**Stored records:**
_____

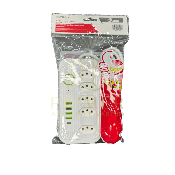 Desfrute da praticidade e segurança oferecidas pelo Filtro de Linha de 3 metros da Kapbom. Com 5 tomadas tripolares, 4 portas USB, é a solução completa para seus aparelhos eletrônicos.
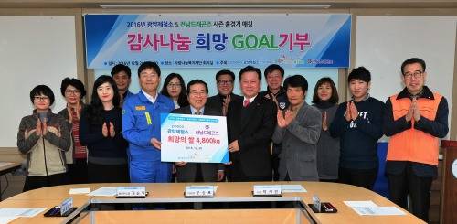 광양제철소와 전남드래곤즈, 사랑나눔복지재단은 '감사나눔 희망의 골' 기부 약속을 지키고자 지난 2012년 10월 위 내용을 MOU로 체결한 바 있다.
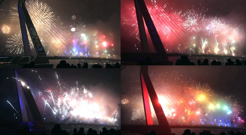 Ivory Coast พลุที่สะพาน General de Gaulle bridge ข้ามทะเลใน Ebrie lagoon ที่เมืองหลวง Abidjan
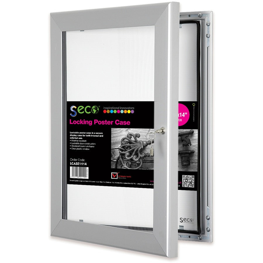 Seco Locking Poster Case - 11" x 14" Frame Size - Rectangle - Portrait, Landscape - Anodized - Weather Proof, Shatter Proof, Lockable, Rust Proof, Water Proof - Aluminum, Plastic, Polycarbonate - Silver - 1 Each
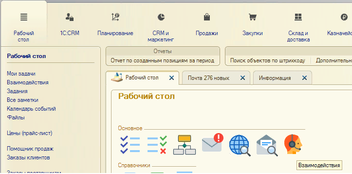 Список взаимодействий доступен в рабочем месте Главное – Почта, задачи – Взаимодействия и может выводиться на рабочий стол пользователя.
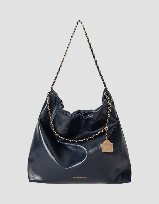 [뤼드유제니] 20K 골드체인 Synthetic Leather Small Hobo Bag (NAVY)
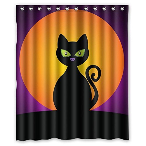 -. Title : I-Manggo Lovely Cat Black Halloween Moon Custom Design Waterproof Shower Curtain Bathroom Curtainses
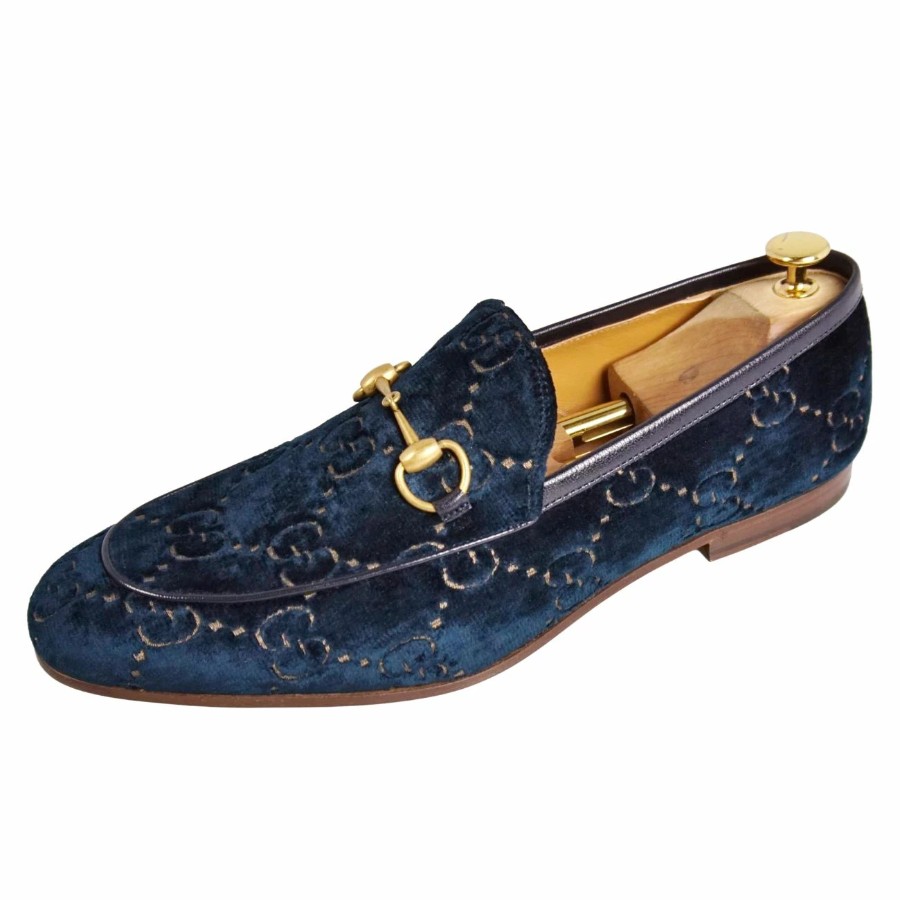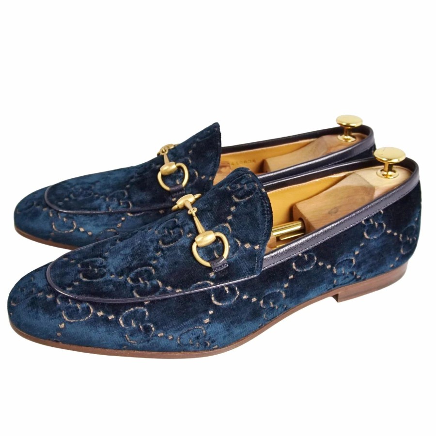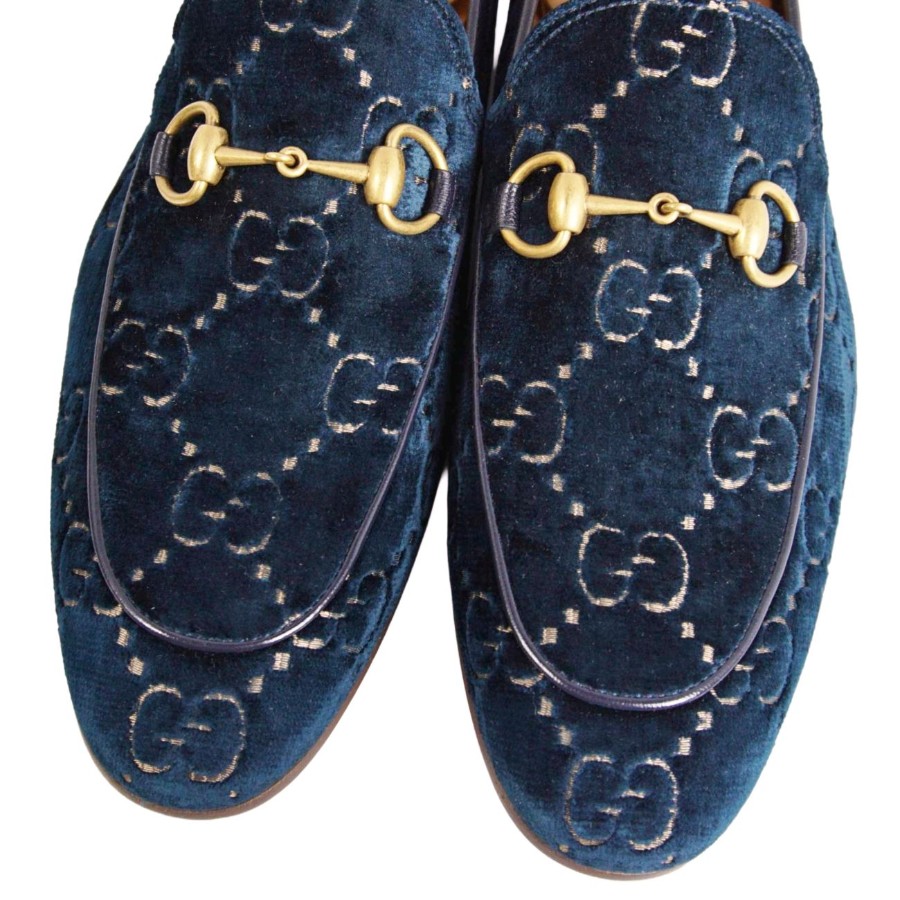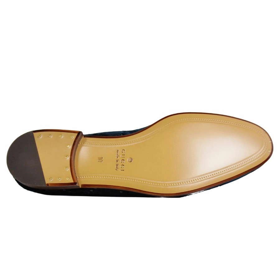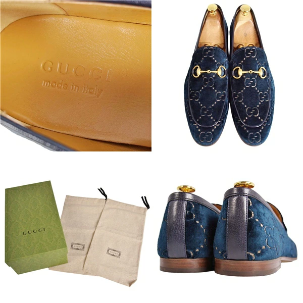 グッチ GUCCI ローファー ヨルダーン モカシン ホースビット ベロア GG柄 シューズ 靴 メンズ イタリア製 ブルー サイズ10(29cm相当)
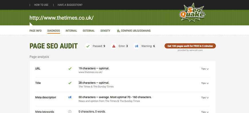 8. SEOQuake: An All-In-One Free SEO Toolkit
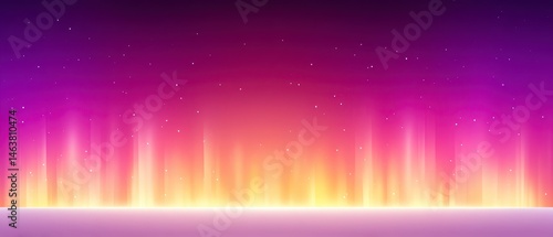 Vibrant abstract landscape with colorful gradient and floating elements.
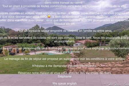 la villa est entourée de maquis (parfum délicieux au coucher du soleil avec un très jolie jardin pour profiter du calme et de la vue panoramique des montagnes .
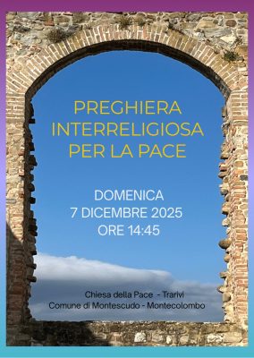 Domenica 7 dicembre 2025, alla chiesa della pace di Trarivi (Comune di Montescudo-Montecolombo), dalle ore 14.45 è in programma un momento spirituale dove diverse tradizioni religiose pregheranno insieme con lo stesso obiettivo: il raggiungimento della pace, la sicurezza e protezione di tutti.
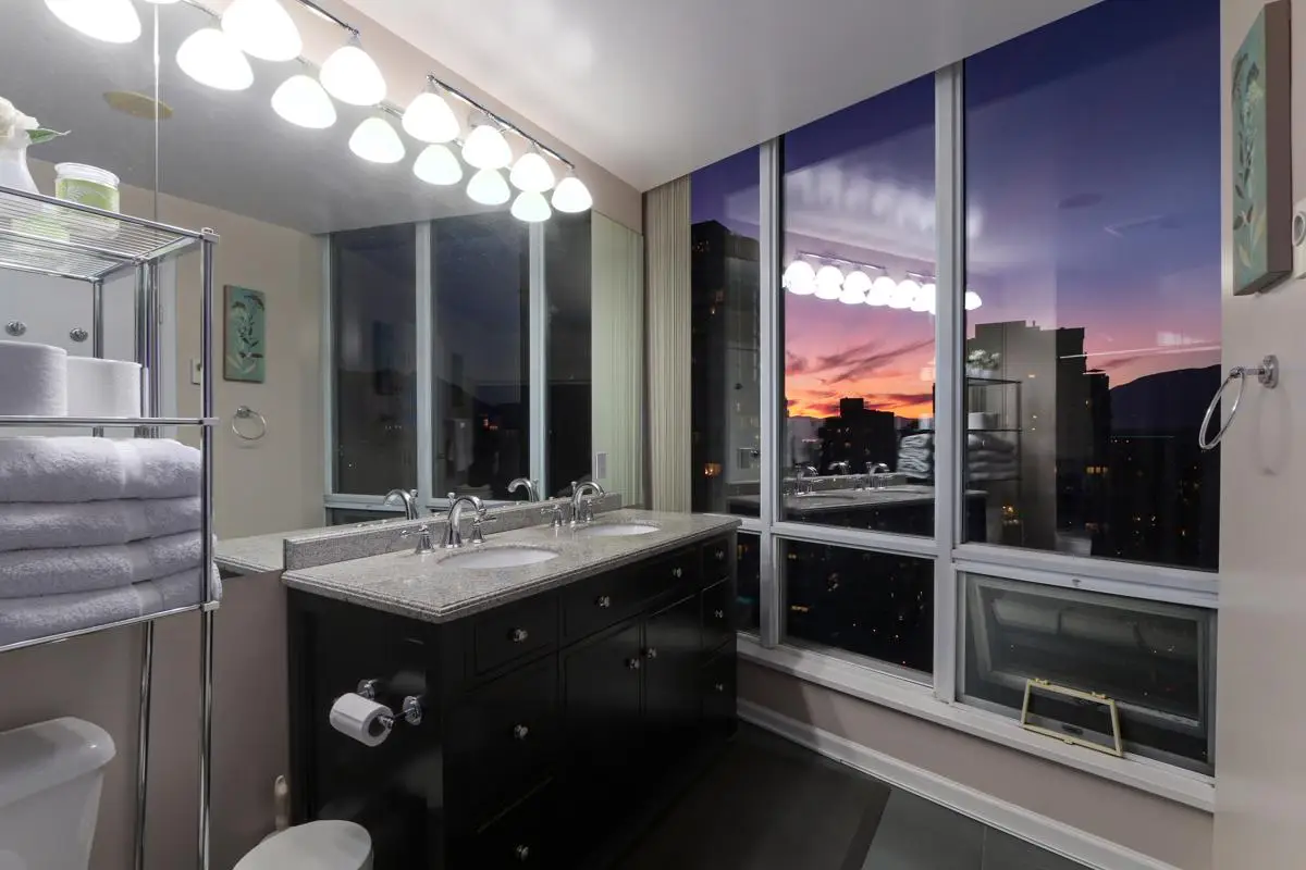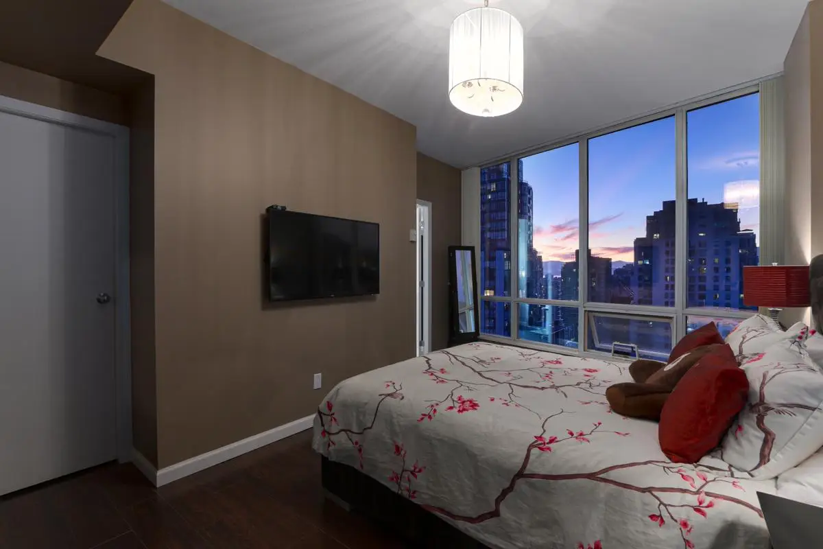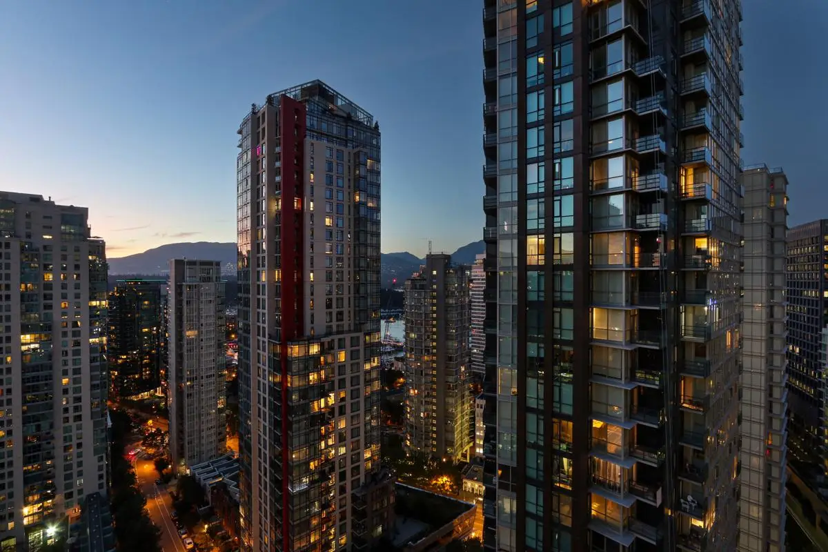 A rare Coal Harbour four-bedroom sub-penthouse with a north, northeast, and east views of Vancouver, partial mountain and water.
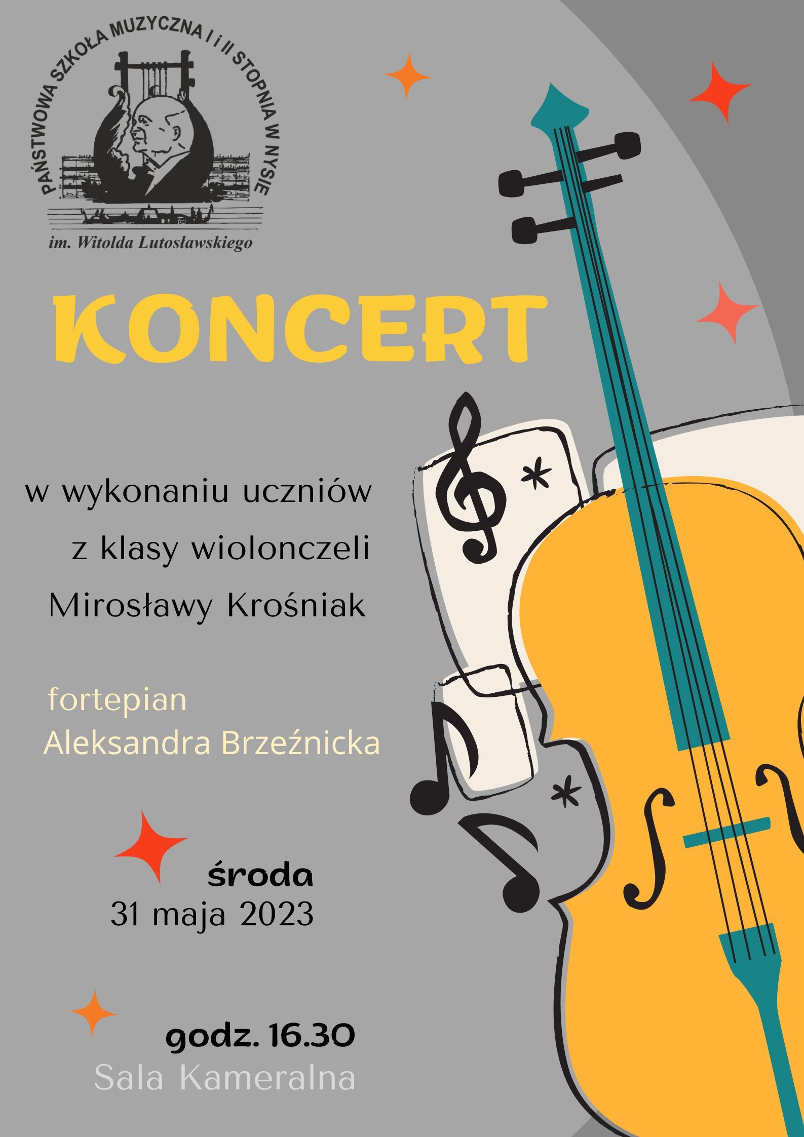 31 maja 2023 - Koncert w wykonaniu uczniów z klasy wiolonczeli Mirosławy Krośniak - Sala Kameralna PSM I i II stopnia w Nysie.

_____

**WHAT IS EXPECTED:** Write out exactly the run of lines above that starts at the line containing "광양제철소와 전남드래곤즈, 사랑나눔복지재단은" and ends at the line containing "Ivory Coast พลุที่สะพาน". Include both, and leave the pictures out.

**OUTPUT BELOW:**
 광양제철소와 전남드래곤즈, 사랑나눔복지재단은 '감사나눔 희망의 골' 기부 약속을 지키고자 지난 2012년 10월 위 내용을 MOU로 체결한 바 있다.
 Ivory Coast พลุที่สะพาน General de Gaulle bridge ข้ามทะเลใน Ebrie lagoon ที่เมืองหลวง Abidjan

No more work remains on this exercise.